The Interpretation Of Dreams

558

 

   It is not clear what Fechner had
in mind in speaking of this change of location of mental activity;
nor, so far as I know, has anyone else pursued the path indicated
by his words. We may, I think, dismiss the possibility of giving
the phrase an anatomical interpretation and supposing it to refer
to physiological cerebral localization or even to the histological
layers of the cerebral cortex. It may be, however, that the
suggestion will eventually prove to be sagacious and fertile, if it
can be applied to a
mental
apparatus built up of a number of
agencies arranged in a series one behind the other.

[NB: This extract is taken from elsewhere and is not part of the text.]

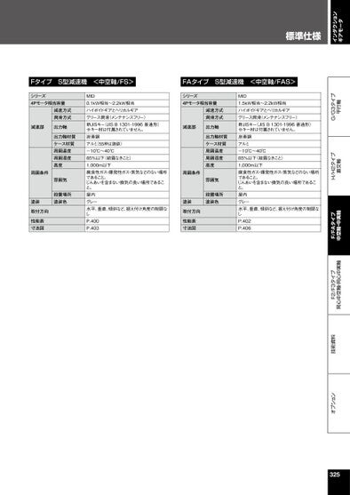 標準仕様インダクションギアモータオプション技術資料F2/F3タイプ同心中空軸・同心中実軸F/FAタイプ中空軸・中実軸H/H2タイプ直交軸G/G3タイプ平行軸FタイプS型減速機<中空軸/FS>FAタイプS型減速機<中空軸/FAS>シリーズ4Pモータ相当容量減速方式潤滑方式減速部出力軸出力軸材質ケース材質周囲温度周囲湿度高度雰囲気設置場所塗装色周囲条件塗装取付方向性能表寸法図MID0.1kW相当~2.2kW相当ハイポイドギアとヘリカルギアグリース潤滑(メンテナンスフリー)新JISキー(JISB1301-1996普通形)※キー材は付属されていません。炭素鋼アルミ(55枠は鋳鉄)-10℃~40℃85%以下(結露なきこと)1,000m以下腐食性ガス・爆発性ガス・蒸気などのない場所であること。じんあいを含まない換気の良い場所であること。屋内グレー水平、垂直、傾斜など、据え付け角度の制限なしP.400P.403シリーズ4Pモータ相当容量減速方式潤滑方式減速部出力軸出力軸材質ケース材質周囲温度周囲湿度高度雰囲気設置場所塗装色周囲条件塗装取付方向性能表寸法図MID1.5kW相当~2.2kW相当ハイポイドギアとヘリカルギアグリース潤滑(メンテナンスフリー)新JISキー(JISB1301-1996普通形)※キー材は付属されていません。炭素鋼アルミ-10℃~40℃85%以下(結露なきこと)1,000m以下腐食性ガス・爆発性ガス・蒸気などのない場所であること。じんあいを含まない換気の良い場所であること。屋内グレー水平、垂直、傾斜など、据え付け角度の制限なしP.402P.406325

   Other writers have contented
themselves with drawing attention to the more tangible of the
distinguishing characteristics of dream-life and with taking them
as a starting-point for attempts at more far reaching
explanations.

   It has justly been remarked that
one of the principal peculiarities of dream-life makes its
appearance during the very process of falling asleep and may be
described as a phenomenon heralding sleep. According to
Schleiermacher (1862, 351), what characterizes the waking state is
the fact that thought-activity takes place in
concepts
and
not in
images
. Now dreams think essentially in images; and
with the approach of sleep it is possible to observe how, in
proportion as voluntary activities become more difficult,
involuntary ideas arise, all of which fall into the class of
images. Incapacity for ideational work of the kind which we feel as
intentionally willed and the emergence (habitually associated with
such states of abstraction) of images - these are two
characteristics which persevere in dreams and which the
psychological analysis of dreams forces us to recognize as
essential features of dream-life. We have already seen that these
images - hypnagogic hallucinations - are themselves identical in
their content with dream-images.¹

 

  
¹
[
Footnote added
1911:] Silberer
(1909) has given some nice examples of the way in which, in a
drowsy state, even abstract thoughts become converted into
pictorial plastic images which seek to express the same meaning.
[
Added
1925:] I shall have occasion to return to this
discovery in another connection.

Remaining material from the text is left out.